Через 15минут я заглянул в палату:
– Прошу прощения, Вы не будете против, если я здесь тихонько поработаю? Мне нужно срочно переслать пару файлов. Интернет здесь неважный, а возле окна, надеюсь, мне удастся поймать 4G.
Шото одобрительно кивнул головой, и я начал имитировать работу с айпадом, удерживая внимание на Даке и на происходящем с ним.
Спустя полтора часа мы вышли из здания. До офиса Дака ехать отсюда минут сорок, и я попросил водителя не гнать, чтобы мы успели поговорить. Понятно, что у Дака были вопросы.
– Я сомневаюсь, что можно помочь больному, да и вообще человеку, если он не понимает природу сознания. Всё то, что я уже понимаю.
– Здесь задача другая. Есть люди, которые готовы встретить смерть, а есть те, кто нет. И мы сейчас находимся рядом с тем, кто явно не готов. Таких большинство.
– И какой подход к ним?
– Помнишь CВ?
– Да.
– Ты общаешься с ними с этого уровня.
– И всё?
– И всё.
– Не понимаю…
– Что делает обычный волонтёр в хосписе? Не тот, кто помогает с транспортом, собирает пожертвования и прочее подобное. Я имею в виду тех, кто вступает в контакт с умирающим и его близкими. Они встречаются с замешательством людей, с их унынием, страхом, горем. На первый взгляд, этот человек похож на психолога. Такой волонтёр спрашивает умирающего человека, чем он ему может помочь, сталкивается с его неверием, подозрением, другими проявлениями протеста. Того самого… Помнишь, что такое протест?
Он кивнул.
– Я напомню. Это непринятие «данности, как есть». К примеру, идёт дождь. Его можно остановить? Нет. Но человек не хочет, чтобы дождь шёл. Он протестует, создавая психическое напряжение, поскольку хочет остановить то, что невозможно. Это напряжение не простое. Оно будто чёрная дыра всасывает духовное сознание в себя. Человек теряет связь с высшими силами, с Богом. Но ведь со смертью то же самое! Не принимая её, человек хочет остановить «дождь». Понимаешь? И в этот момент он не может оставаться с Богом.
– Почему?
– Его сознание в «чёрной дыре», в фантоме. Когда человек протестует, фантом засасывает его сознание. Духовное сознание похоже на подводную лодку: если она под водой, её не может увидеть спутник (высшее Я).

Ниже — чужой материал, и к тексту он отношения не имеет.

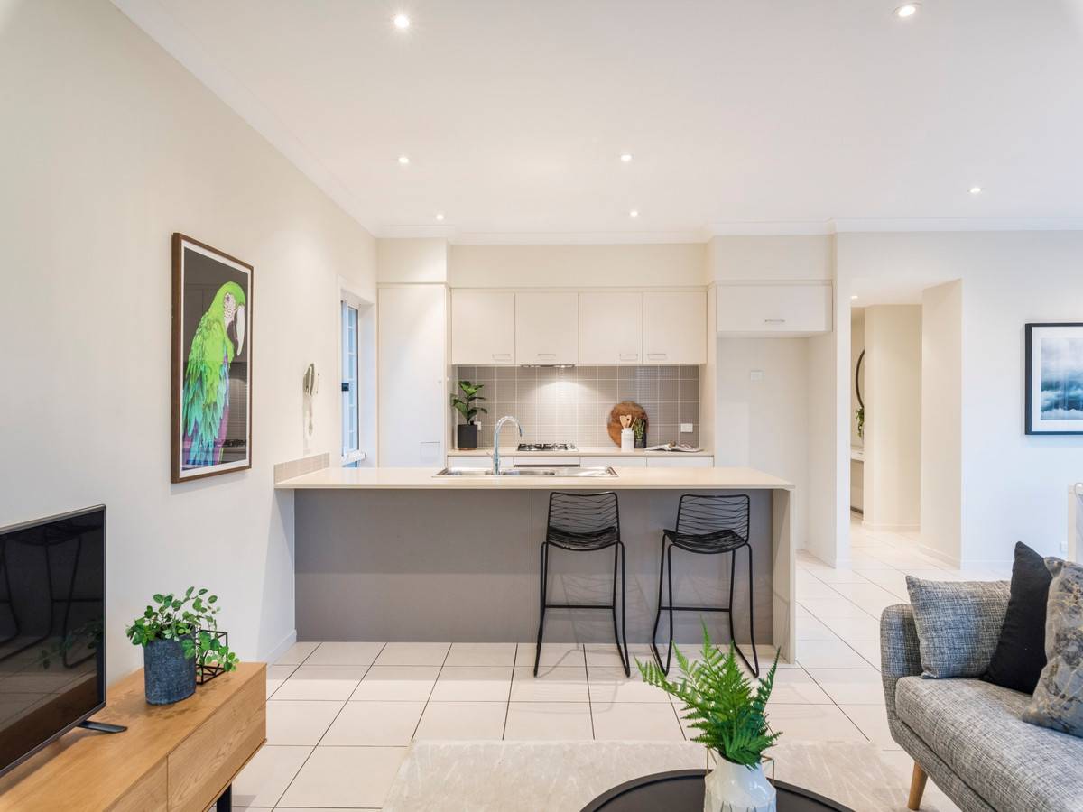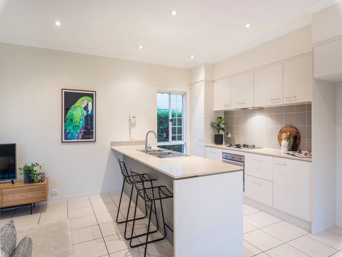 The main living space is located at the rear of the ground floor, comprised of the kitchen, dining and lounge in a breezy, open plan format. Within this space, the kitchen is centrally positioned to easily service the living areas with superb appointments including stone benchtops, Meile dishwasher and Smeg 4 burner stove top. Adjoining the kitchen is a spacious lounge and dining area with direct access to the outdoor patio, perfectly set up for entertaining and enjoying relaxing weekends.

– Я понял! – воскликнул Дэн, – если я удерживаю СВ, я как бы принудительно удерживаю умирающего с Богом.
– Ну, вот, ты и понял всё. Есть только один нюанс. У тебя не будет сразу получаться. Помнишь, что мы делали, перед тем, как зайти в палату?
Он кивнул.
– И вспомни, что с тобой происходило в начале общения.
– Да, уж, – Дак скривил лицо.
– Но! – Я посмотрел на него, чтобы убедиться, что его внимание со мной. – Ты уже мог взять эту «штангу на грудь», – я показал пальцами кавычки. – Ты смог оставаться со смертью, но не терпеть, когда эта экзекуция окончится, а как бы желая продолжать испытывать то, что ты в этот момент испытывал — весьма неприятное. То есть, ты в первую очередь работаешь с собой, а не с пациентом. Понятно?